Не будем отвлекаться на боковые детали, хотя что ни слово, тут же возникает неизбежная цепочка ассоциаций, высвечивая то одну, то другую нелепость прошедшей эпохи, даже в мелочах проявлявшей дурной вкус, дремучую пошлость и неистребимую потребность коверкать великий язык, чем, собственно, и был сразу отмечен бунт взбесившейся черни, который его подстрекатели назвали, естественно, революцией - великой и всенародной…

Начальство - то, что повыше, - имело, пожалуй, все основания держать Желобкова на лучшем счету и ставить его в пример многим другим. Чтило оно директора "Мяса" как раз за то, за что подчиненные его терпеть не могли. Не могли, а все же терпели, ибо сменить директора было им не под силу, а оставить такое хлебное (мясное, какое же хлебное?!) место, когда кругом одни "перебои", - на это мог решиться только безумец.

Злясь на Желобкова, они были кругом не правы, а он, в своем жестком и даже подчас жестоком максимализме, был кругом прав. Таким противостояние это виделось со стороны, но кто же способен на объективный взгляд, когда судишь себя самого? Хлебное (мясное) место тем и особенно, что, при длящихся вечно временных трудностях, таит неисчислимо много соблазнов. Порадеть одному за счет другого (продать с черного хода кусок мяса "своему", обделив, стало быть, "чужого") это еще полбеды. Даже совсем не беда - ведь так поступали все, кто распоряжался хоть каким-нибудь дефицитом. Но Желобков и такую невинную (конечно, невинную, я и сегодня так думаю) заурядность считал посрамлением высокого звания работника советской торговли. Он был неутомим в своем бдении и не спускал даже малейшего отступления от тех правил - юридических и моральных, - которые считал неукоснительными абсолютно для всех.

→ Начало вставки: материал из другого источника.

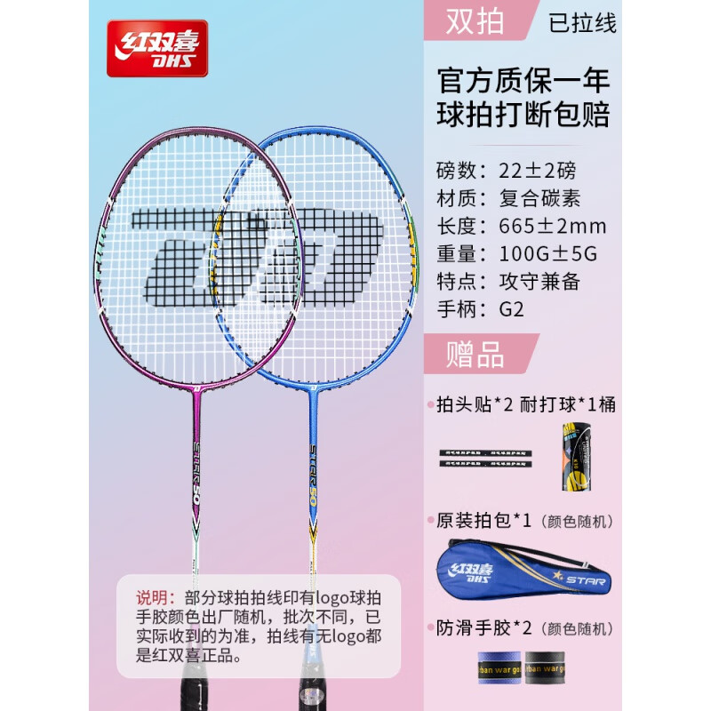 百亿补贴:红双喜可水洗成人专业耐打进攻羽毛球拍正品儿童学生双拍耐用套装
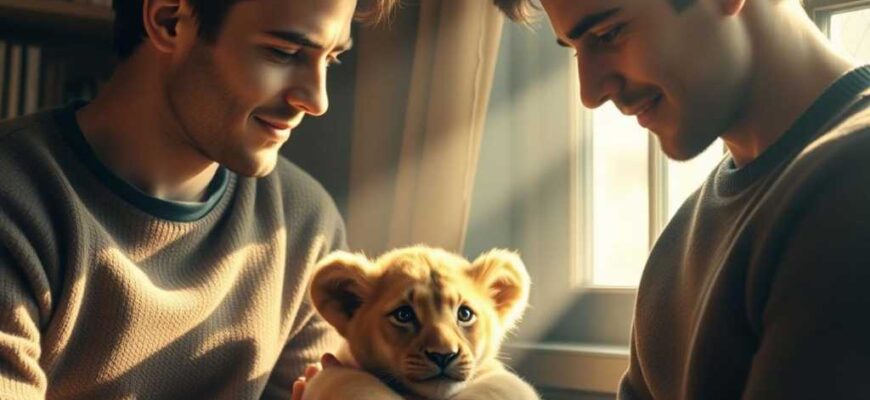 Un día, paseando por las calles, descubrieron una tienda de animales exóticos. En el escaparate había pájaros, monos y reptiles, pero algo llamó su atención: una pequeña jaula donde yacía un cachorro de león. No era más grande que un gatito, con unos ojos tristes y profundos que parecían entenderlo todo.
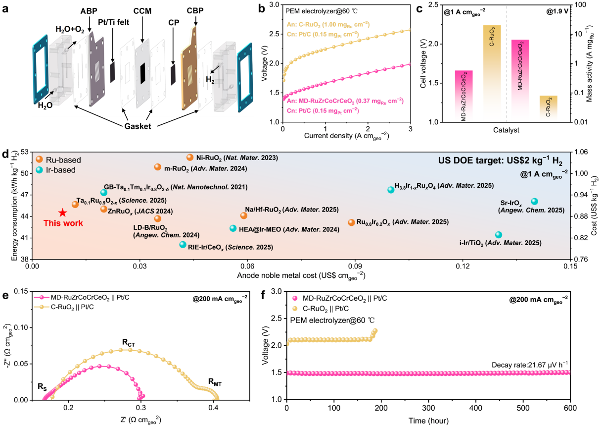 图6. PEM电解槽中MD-RuZrCoCrCeO2的酸性OER性能。a) 自制PEM电解槽示意图。b) 使用合成的MD-RuZrCoCrCeO2或C-RuO2作为阳极、40 wt.% Pt/C作为阴极的PEM电解槽未经iR校正的极化曲线。c) PEM电解槽达到1 A cm−2的电池电压,以及MD-RuZrCoCrCeO2和C-RuO₂||Pt/C电池在1.9 V下的质量活性。d) 在1 A cm−2下,MD-RuZrCoCrCeO2与已报道的阳极电催化剂的经济性分析。e) 在200 mA cm−2下,MD-RuZrCoCrCeO2和C-RuO₂||Pt/C电池的GEIS图比较。f) PEM电解槽中MD-RuZrCoCrCeO2和C-RuO2在200 mA cm−2下的计时电位曲线。
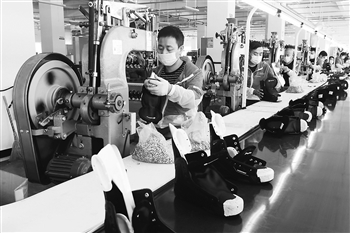 7月7日,在张家口高新区冰雪运动装备产业园,工人在一家冰球鞋生产企业车间工作。近年来,河北张家口紧抓冬奥机遇,大力发展冰雪运动的同时发展冰雪装备制造产业,延伸冰雪产业链条。新华社发(武殿森 摄)
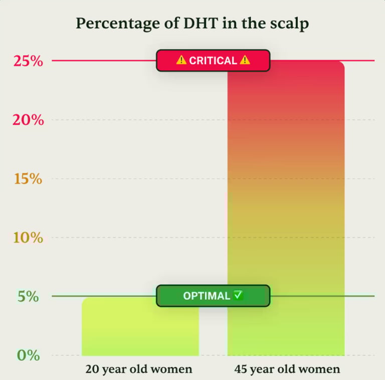 By the time you start noticing more hair in your brush than usual, DHT has likely already impacted nearly 25% of your scalp — the point where thinning becomes visibly noticeable.
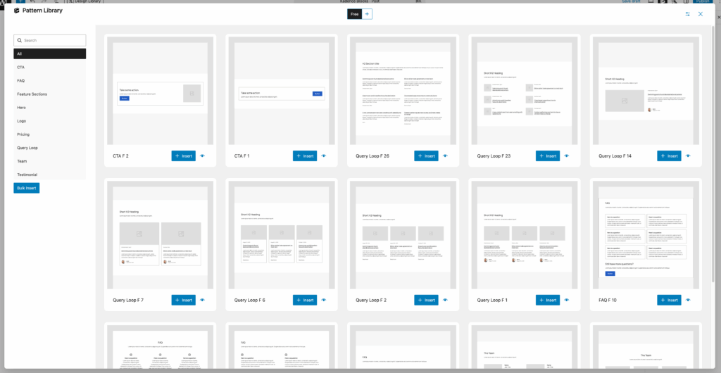 Last but not the least, the collection of GenerateBlocks Patterns in the library is a must use.
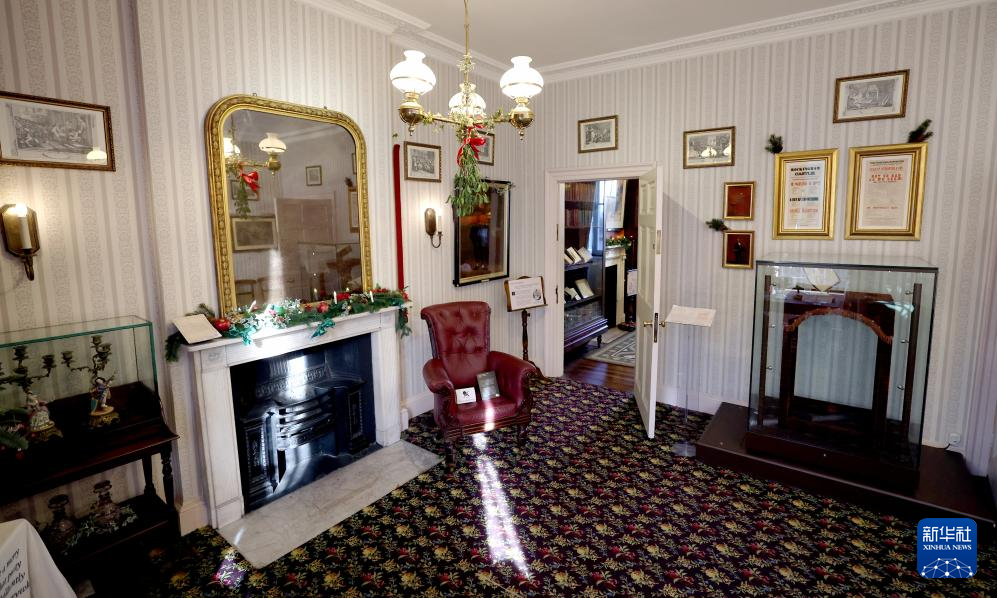 这是11月17日在英国伦敦狄更斯博物馆拍摄的狄更斯的书房。
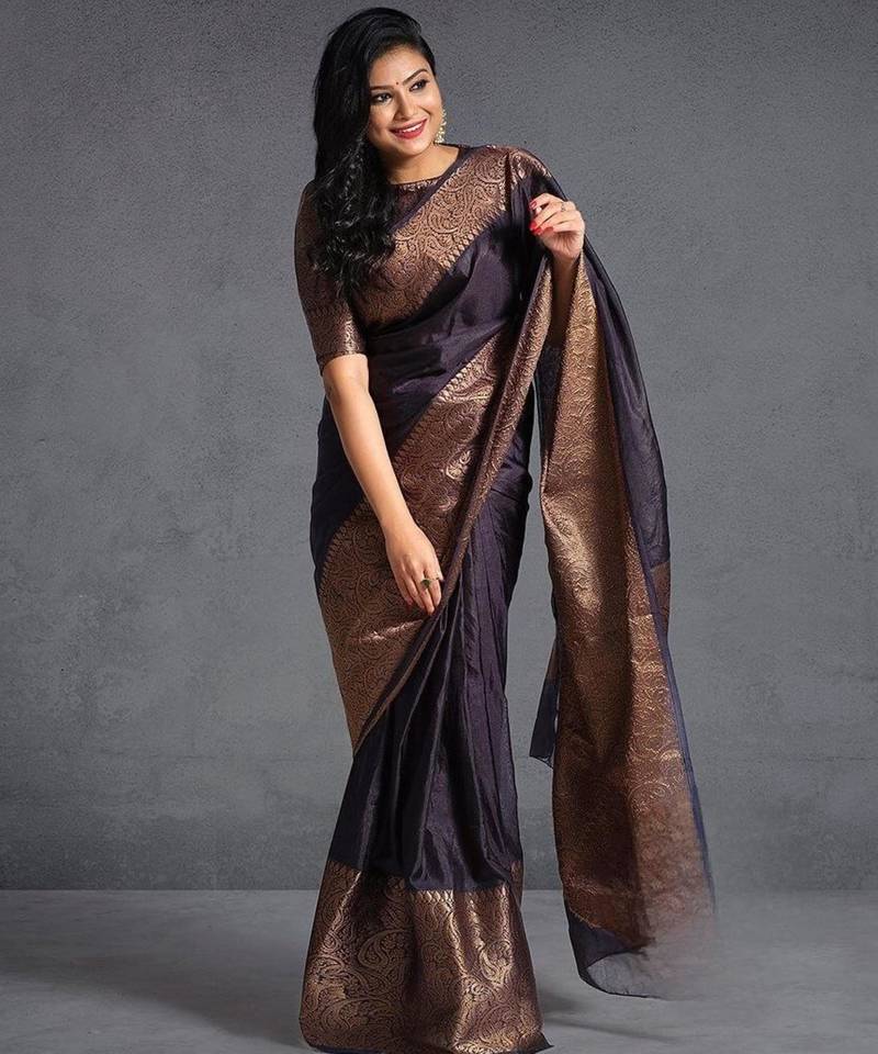 • Saree : Color- Copper / Fabric- Art Silk • Blouse : Color- Black / Fabric- Art Silk Saree Details

Он ни в коем случае не был тупицей - понимал, что вообще не найти персонала, который, будучи у пирога, не претендовал бы и сам на его кусочек. Для себя и для близких. И поэтому каждый, кто в магазине работал, получил дозволение назвать поименно и в письменной форме трех самых ближайших (только родных, знакомые не допускались!) - ну, и себя самого, конечно, четвертым, - дабы включить их в список тех, кто прикреплен: пусть себе - наравне со всеми, легально, а не по блату, - получают заказы. То ли два, то ли три раза в месяц, точно не помню. И лично проверял, какова в реальности степень родства: вдруг за родственничка захочет пройти "лицо постороннее"? Скрепя сердце ограничился строгачом для электрика магазина, который под видом кузины вознамерился подсунуть в заказчицы даму сердца. Считаться женой она не могла. Мужа своего ни при какой погоде менять не собиралась. Обожала жарить ему бифштексы - было бы мясо. Электрик терпел, сознавая, как видно, что любовь ее запросто рухнет, окажись он вдали от мясного прилавка. У него были золотые руки и золотой характер, иначе строгачом бы ему за такой обман ни за что не отделаться.

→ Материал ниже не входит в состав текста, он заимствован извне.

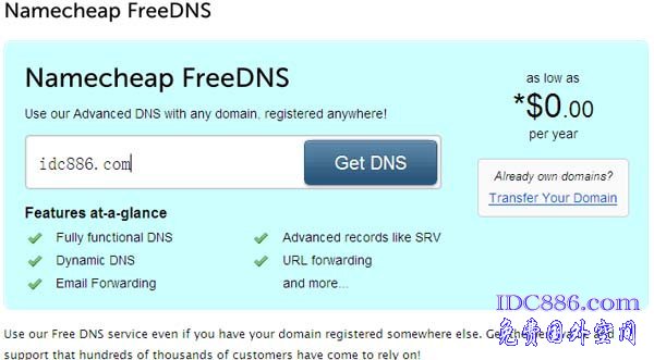 Namecheap是一家美国著名老牌域名空间服务商,创建于2000年,Alexa世界排名在一千左右,国内在其网站上购买域名的人不在少数。 Namecheap同时提供安全可靠的免费DNS服务,无论域名是否在Namecheap注册都可以使用,完全免费。只需免费注册一个用户即可使用。Namecheap Free DNS 服务有简单易用的管理介面、24/7免费支持、动态DNS,提供5台DNS服务器,支持设置A、CNAME、MX、TXT、 NS、AAAA记录(IPV6)、SRV 等解析记录,它同时支持邮箱转发,支持设置动态域名解析,另外它还支持国内管得非常严的网址转发服务(可选是否隐藏原域名,支持301重定向),所有记录的设置条数没有限制。
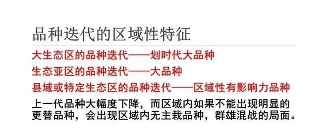 目前幾大區(qū)域的品種換代情況主要是:
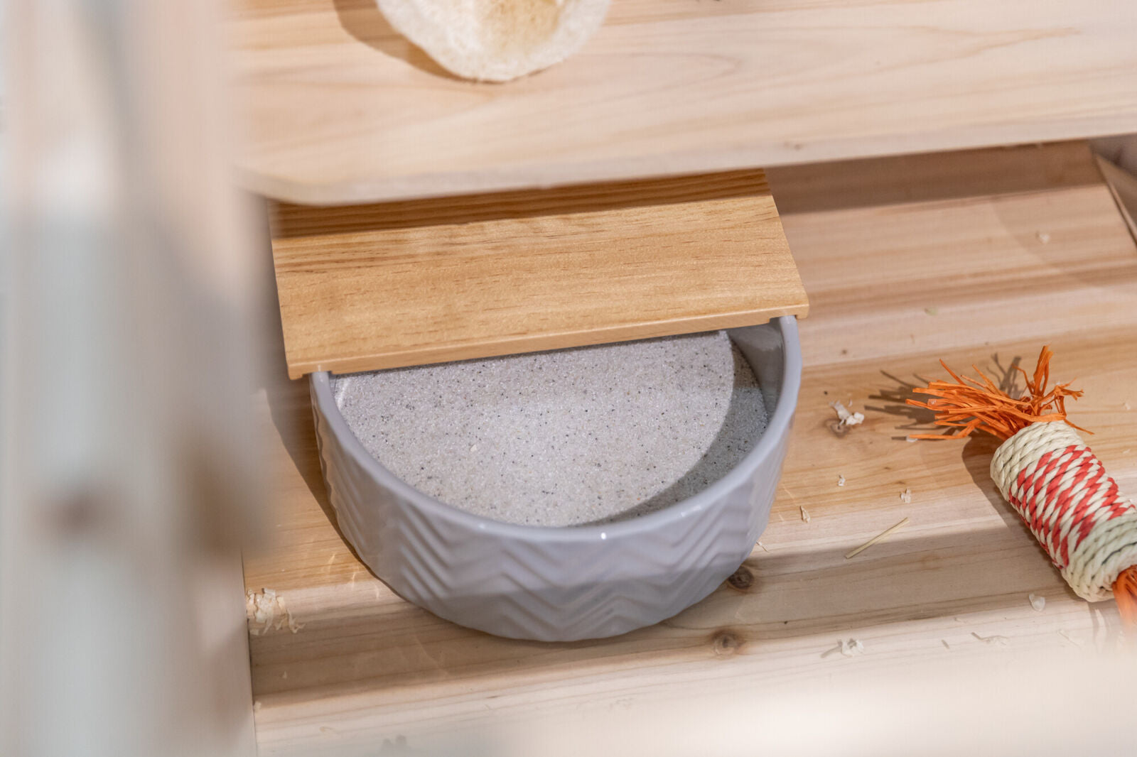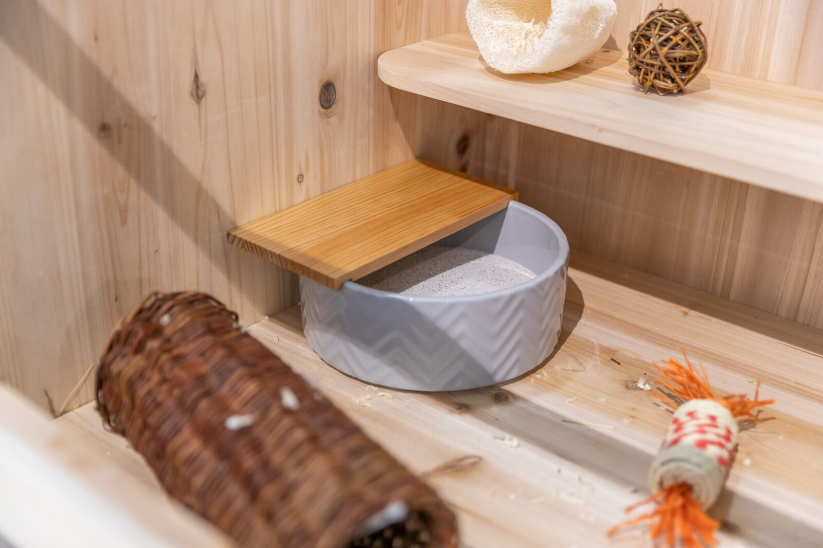 Die Keramikschale mit geeignetem Nagersand befüllen und im Gehege platzieren. Die Holzplattform dient als Einstieg und sorgt für zusätzlichen Spielspass. Sand regelmässig sieben und bei Bedarf austauschen.

Но и сам Желобков являл образец безупречной строгости к самому себе и к своим близким, не давая ни малейшего повода обвинить его в каком-то двойном стандарте. С женой он развелся и новой не обзавелся. Из сбивчивых рассказов дочери я понял, что магазинные нравы - строгость, порядок и аскетизм - он пытался насадить и в семье. Жена терпела-терпела, а потом собрала вещички и ушла, не простившись. Скорее всего, к кому-то случайному, куда ее дочери не было доступа. Так и пришлось ей остаться с отцом. В подробности я не влезал, к судебному делу прямого отношения они не имели, а дочь (помню странное имя - Жанетта; не удивлюсь, если в школе дразнили ее "ЖэЖэ") к душевным разговорам склонности не проявляла.

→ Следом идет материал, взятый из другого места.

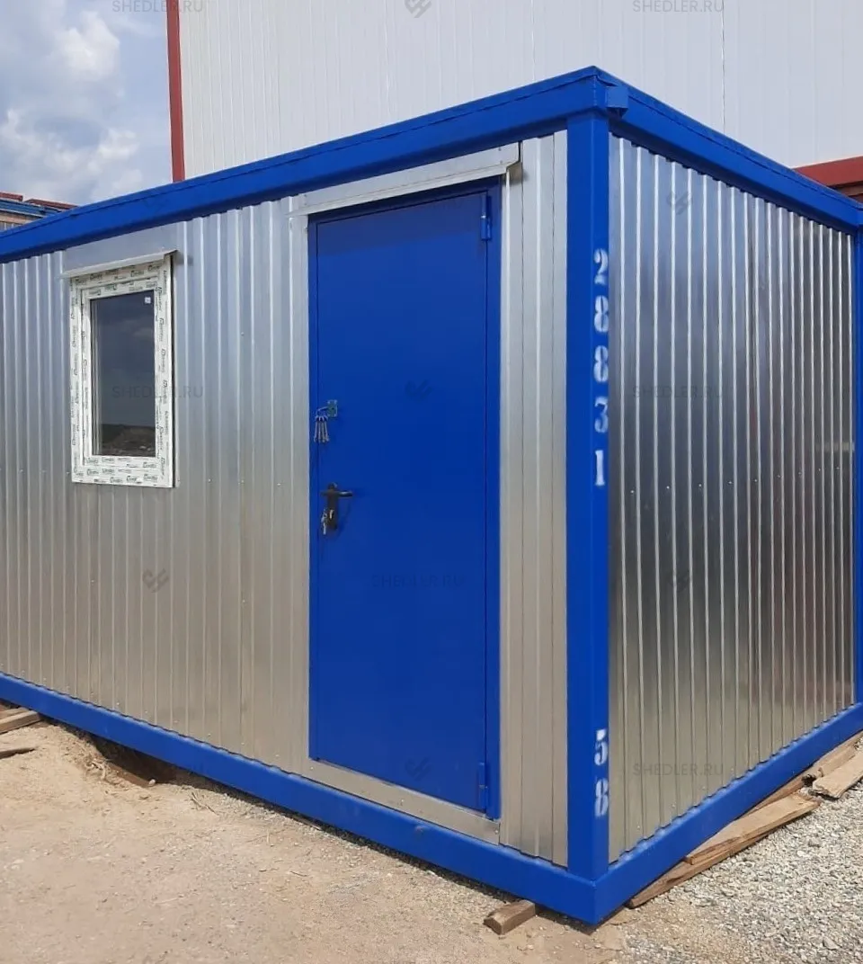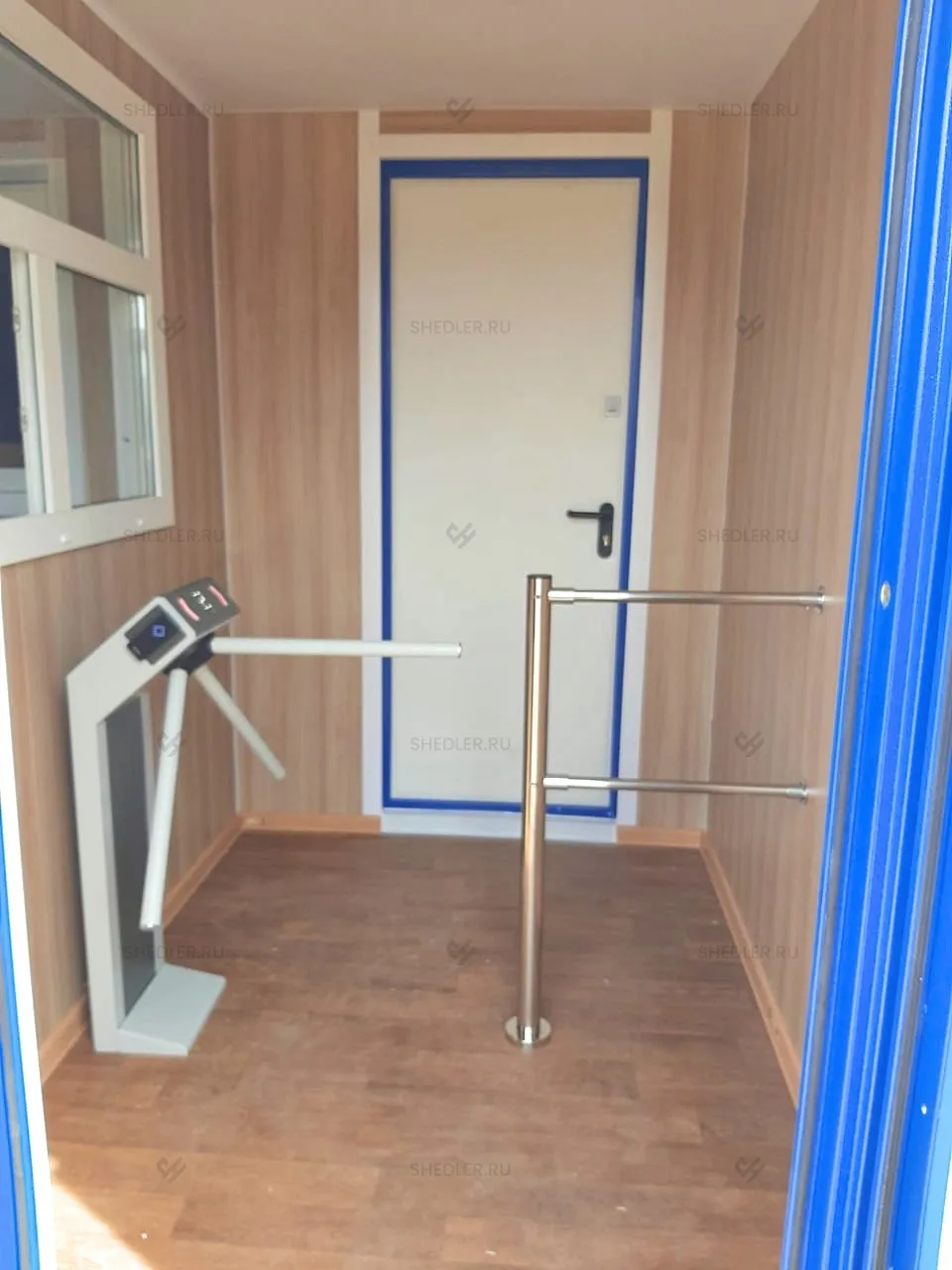 Контейнер получился компактный и функциональный: его габариты — 2,4×3,0 м — позволяют разместить проходную даже в самом стесненном пространстве. Конструкция собрана на прочном металлокаркасе с жёсткими угловыми стойками. Снаружи — оцинкованный профлист с полимерным покрытием, а акценты в синих тонах (RAL 5005) добавляют эстетики. Крыша сварная, утеплённая, с защитой от осадков.

Я понял только, что сам Желобков не любил кулинарить и дочь тоже к этому не приучил. Дарами "Мяса" пользовался простейшим образом: отварив кусок вырезки, питался потом холодным мясом неделю - до очередного "заказа", получал вместе со всеми новую порцию и так жил до следующей. Бутерброды с отварной говядиной, иногда уже полузасохшей, были его единственной пищей в течение рабочего дня: это видели все и над этим же все потешались. Даже в соседнюю забегаловку, куда продавцы в перерыв отправлялись за щами и за сосисками, директор-аскет на их памяти ни разу не заглянул. Об этом они честно доложили и следствию, и суду. Честно - поскольку эта деталь выставляла Желобкова скорее в привлекательном, хоть и комичном, виде, а потребности в том, чтобы ему подставить плечо, у его подчиненных не было никакой. Скорее наоборот.

За дело Желобкова, где мне предстояло стать его защитником, я, конечно, не взялся бы ни за что, если бы не оказался в безвыходном положении. Все больше и больше втягиваясь в труд литературный, я порой забрасывал адвокатуру, не имея возможности делить время между письменным столом и залом суда. Зато мое начальство (у меня ведь тоже было начальство, и я тоже его не жаловал, как и оно меня, между прочим) не хотело терпеть балласт - юриста, который просто числится членом адвокатской коллегии, не принося ей никаких доходов. Время от времени я должен был иметь хоть какой-нибудь гонорар, чтобы коллегия могла с него получить свои шестьдесят процентов.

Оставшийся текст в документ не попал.